[<prev] [next>] [<thread-prev] [day] [month] [year] [list]
Message-ID: <CAJD7tkY+prnDUW3GRAgrVOPp27rCUtuEz8jCnr=cEkXndvqKCw@mail.gmail.com>
Date: Fri, 17 Jan 2025 08:51:41 -0800
From: Yosry Ahmed <yosryahmed@...gle.com>
To: Nhat Pham <nphamcs@...il.com>
Cc: lsf-pc@...ts.linux-foundation.org, akpm@...ux-foundation.org,
hannes@...xchg.org, ryncsn@...il.com, chengming.zhou@...ux.dev,
chrisl@...nel.org, linux-mm@...ck.org, kernel-team@...a.com,
linux-kernel@...r.kernel.org, shakeel.butt@...ux.dev, hch@...radead.org,
hughd@...gle.com, 21cnbao@...il.com, usamaarif642@...il.com
Subject: Re: [LSF/MM/BPF TOPIC] Virtual Swap Space
On Thu, Jan 16, 2025 at 6:47 PM Nhat Pham <nphamcs@...il.com> wrote:
>
> On Fri, Jan 17, 2025 at 1:48 AM Yosry Ahmed <yosryahmed@...gle.com> wrote:
> >
> > On Thu, Jan 16, 2025 at 1:22 AM Nhat Pham <nphamcs@...il.com> wrote:
> > >
> > > My apologies if I missed any interested party in the cc list -
> > > hopefully the mailing lists cc's suffice :)
> > >
> > > I'd like to (re-)propose the topic of swap abstraction layer for the
> > > conference, as a continuation of Yosry's proposals at LSFMMBPF 2023
> > > (see [1], [2], [3]).
> > >
> > > (AFAICT, the same idea has been floated by Rik van Riel since at
> > > least 2011 - see [8]).
> > >
> > > I have a working(-ish) prototype, which hopefully will be
> > > submission-ready soon. For now, I'd like to give the motivation/context
> > > for the topic, as well as some high level design:
> >
> > I would obviously be interested in attending this, albeit virtually if
> > possible. Just sharing some random thoughts below from my cold cache.
>
> Your inputs are always appreciated :)
>
> >
> > >
> > > I. Motivation
> > >
> > > Currently, when an anon page is swapped out, a slot in a backing swap
> > > device is allocated and stored in the page table entries that refer to
> > > the original page. This slot is also used as the "key" to find the
> > > swapped out content, as well as the index to swap data structures, such
> > > as the swap cache, or the swap cgroup mapping. Tying a swap entry to its
> > > backing slot in this way is performant and efficient when swap is purely
> > > just disk space, and swapoff is rare.
> > >
> > > However, the advent of many swap optimizations has exposed major
> > > drawbacks of this design. The first problem is that we occupy a physical
> > > slot in the swap space, even for pages that are NEVER expected to hit
> > > the disk: pages compressed and stored in the zswap pool, zero-filled
> > > pages, or pages rejected by both of these optimizations when zswap
> > > writeback is disabled. This is the arguably central shortcoming of
> > > zswap:
> > > * In deployments when no disk space can be afforded for swap (such as
> > > mobile and embedded devices), users cannot adopt zswap, and are forced
> > > to use zram. This is confusing for users, and creates extra burdens
> > > for developers, having to develop and maintain similar features for
> > > two separate swap backends (writeback, cgroup charging, THP support,
> > > etc.). For instance, see the discussion in [4].

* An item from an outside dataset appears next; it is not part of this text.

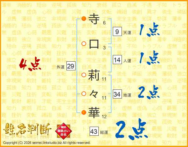 寺口莉々華さんの外運は29画の4点!
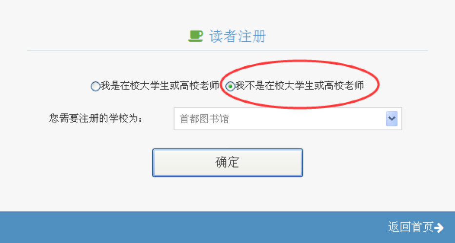步骤三(勾选“我不是在校大学生或高校老师”,需要注册的学校选择“首都图书馆”)

> > > * Resource-wise, it is hugely wasteful in terms of disk usage, and
> > > limits the memory saving potentials of these optimizations by the
> > > static size of the swapfile, especially in high memory systems that
> > > can have up to terabytes worth of memory. It also creates significant
> > > challenges for users who rely on swap utilization as an early OOM
> > > signal.
> > >
> > > Another motivation for a swap redesign is to simplify swapoff, which
> > > is complicated and expensive in the current design. Tight coupling
> > > between a swap entry and its backing storage means that it requires a
> > > whole page table walk to update all the page table entries that refer to
> > > this swap entry, as well as updating all the associated swap data
> > > structures (swap cache, etc.).
> > >
> > >
> > > II. High Level Design Overview
> > >
> > > To fix the aforementioned issues, we need an abstraction that separates
> > > a swap entry from its physical backing storage. IOW, we need to
> > > “virtualize” the swap space: swap clients will work with a virtual swap
> > > slot (that is dynamically allocated on-demand), storing it in page
> > > table entries, and using it to index into various swap-related data
> > > structures.
> > >
> > > The backing storage is decoupled from this slot, and the newly
> > > introduced layer will “resolve” the ID to the actual storage, as well
> > > as cooperating with the swap cache to handle all the required
> > > synchronization. This layer also manages other metadata of the swap
> > > entry, such as its lifetime information (swap count), via a dynamically
> > > allocated per-entry swap descriptor:
> >
> > Do you plan to allocate one per-folio or per-page? I suppose it's
> > per-page based on the design, but I am wondering if you explored
> > having it per-folio. To make it work we'd need to support splitting a
> > swp_desc, and figuring out which slot or zswap_entry corresponds to a
> > certain page in a folio
>
> Per-page, for now. Per-folio requires allocating these swp_descs on
> huge page splitting etc., which is more complex.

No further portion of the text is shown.